**Data under study**.
■ ■ ■ ■ ■

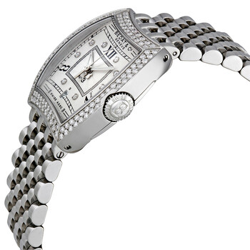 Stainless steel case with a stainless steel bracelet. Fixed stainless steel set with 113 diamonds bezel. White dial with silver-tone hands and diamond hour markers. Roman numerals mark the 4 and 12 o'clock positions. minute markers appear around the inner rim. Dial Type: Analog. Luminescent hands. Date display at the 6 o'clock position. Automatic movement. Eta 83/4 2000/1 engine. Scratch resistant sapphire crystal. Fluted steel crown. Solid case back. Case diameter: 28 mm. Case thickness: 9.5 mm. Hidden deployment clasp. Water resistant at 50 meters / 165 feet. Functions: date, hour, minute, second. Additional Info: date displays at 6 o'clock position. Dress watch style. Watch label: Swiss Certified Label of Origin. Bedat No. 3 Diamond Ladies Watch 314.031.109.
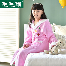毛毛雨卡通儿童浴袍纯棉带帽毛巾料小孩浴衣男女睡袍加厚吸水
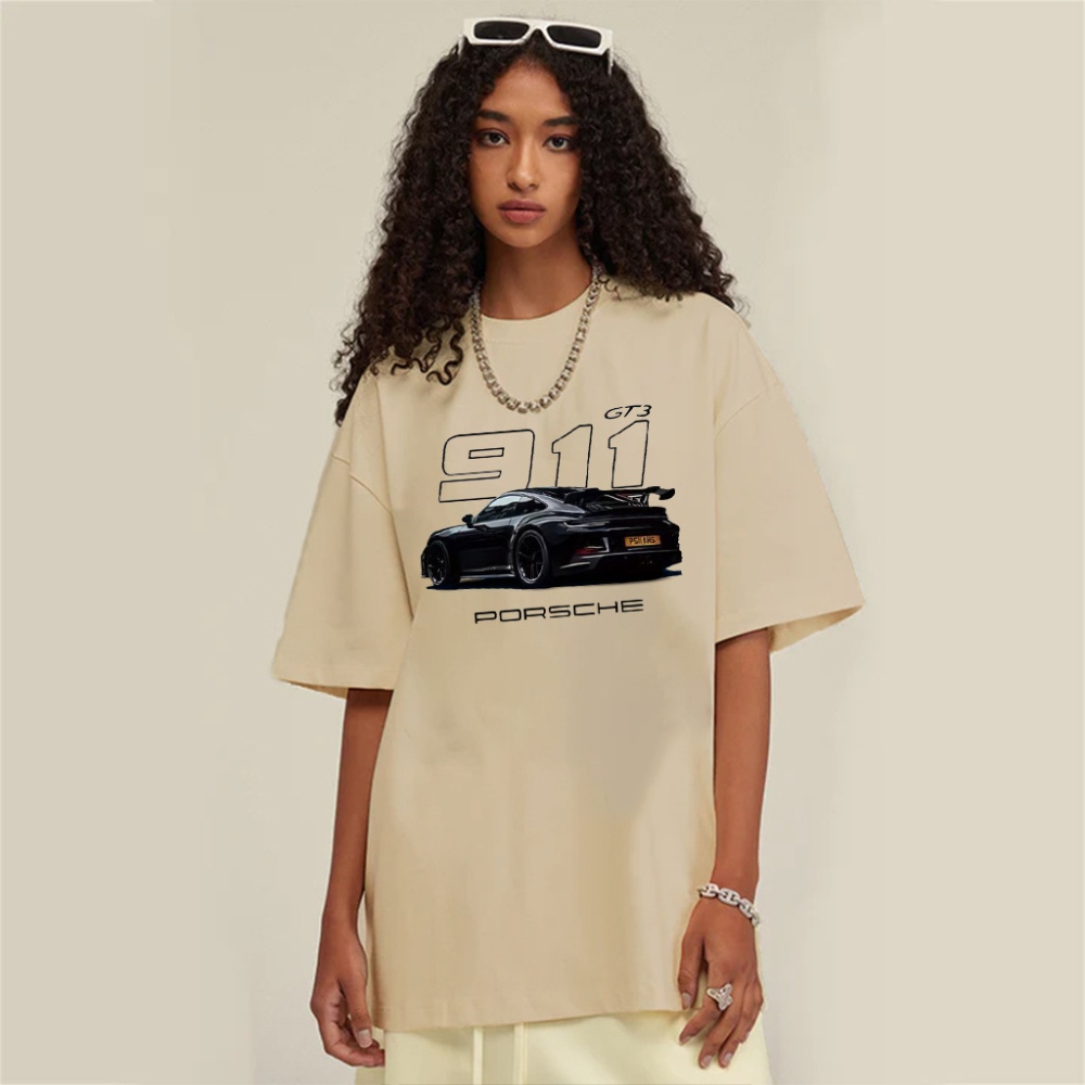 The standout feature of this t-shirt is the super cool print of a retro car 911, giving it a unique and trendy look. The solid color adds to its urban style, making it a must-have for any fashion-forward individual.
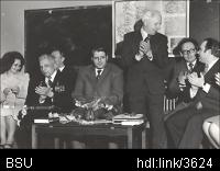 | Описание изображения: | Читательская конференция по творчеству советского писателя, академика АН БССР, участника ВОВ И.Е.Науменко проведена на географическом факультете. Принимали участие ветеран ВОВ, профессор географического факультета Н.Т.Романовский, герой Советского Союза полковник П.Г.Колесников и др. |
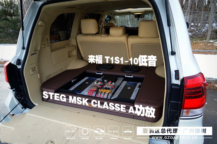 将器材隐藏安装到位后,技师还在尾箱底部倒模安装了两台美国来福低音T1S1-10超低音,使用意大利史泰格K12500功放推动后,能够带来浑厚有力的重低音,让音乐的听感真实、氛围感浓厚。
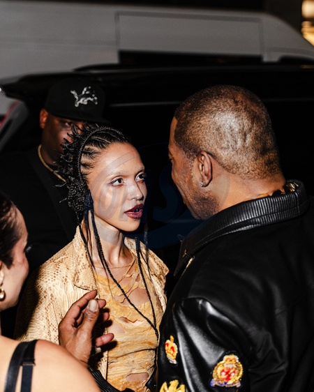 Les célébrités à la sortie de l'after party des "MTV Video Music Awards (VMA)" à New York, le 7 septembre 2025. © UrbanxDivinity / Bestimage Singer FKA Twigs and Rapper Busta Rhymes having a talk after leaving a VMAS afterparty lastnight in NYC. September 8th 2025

■ ■ ■ ■ ■

**How to complete this task**.
Copy the data exactly. Pictures do not belong in the copy.

**Result**.
 Stainless steel case with a stainless steel bracelet. Fixed stainless steel set with 113 diamonds bezel. White dial with silver-tone hands and diamond hour markers. Roman numerals mark the 4 and 12 o'clock positions. minute markers appear around the inner rim. Dial Type: Analog. Luminescent hands. Date display at the 6 o'clock position. Automatic movement. Eta 83/4 2000/1 engine. Scratch resistant sapphire crystal. Fluted steel crown. Solid case back. Case diameter: 28 mm. Case thickness: 9.5 mm. Hidden deployment clasp. Water resistant at 50 meters / 165 feet. Functions: date, hour, minute, second. Additional Info: date displays at 6 o'clock position. Dress watch style. Watch label: Swiss Certified Label of Origin. Bedat No. 3 Diamond Ladies Watch 314.031.109.
毛毛雨卡通儿童浴袍纯棉带帽毛巾料小孩浴衣男女睡袍加厚吸水
 The standout feature of this t-shirt is the super cool print of a retro car 911, giving it a unique and trendy look. The solid color adds to its urban style, making it a must-have for any fashion-forward individual.
 | Описание изображения: | Читательская конференция по творчеству советского писателя, академика АН БССР, участника ВОВ И.Е.Науменко проведена на географическом факультете. Принимали участие ветеран ВОВ, профессор географического факультета Н.Т.Романовский, герой Советского Союза полковник П.Г.Колесников и др. |
 将器材隐藏安装到位后,技师还在尾箱底部倒模安装了两台美国来福低音T1S1-10超低音,使用意大利史泰格K12500功放推动后,能够带来浑厚有力的重低音,让音乐的听感真实、氛围感浓厚。
 Les célébrités à la sortie de l'after party des "MTV Video Music Awards (VMA)" à New York, le 7 septembre 2025. © UrbanxDivinity / Bestimage Singer FKA Twigs and Rapper Busta Rhymes having a talk after leaving a VMAS afterparty lastnight in NYC. September 8th 2025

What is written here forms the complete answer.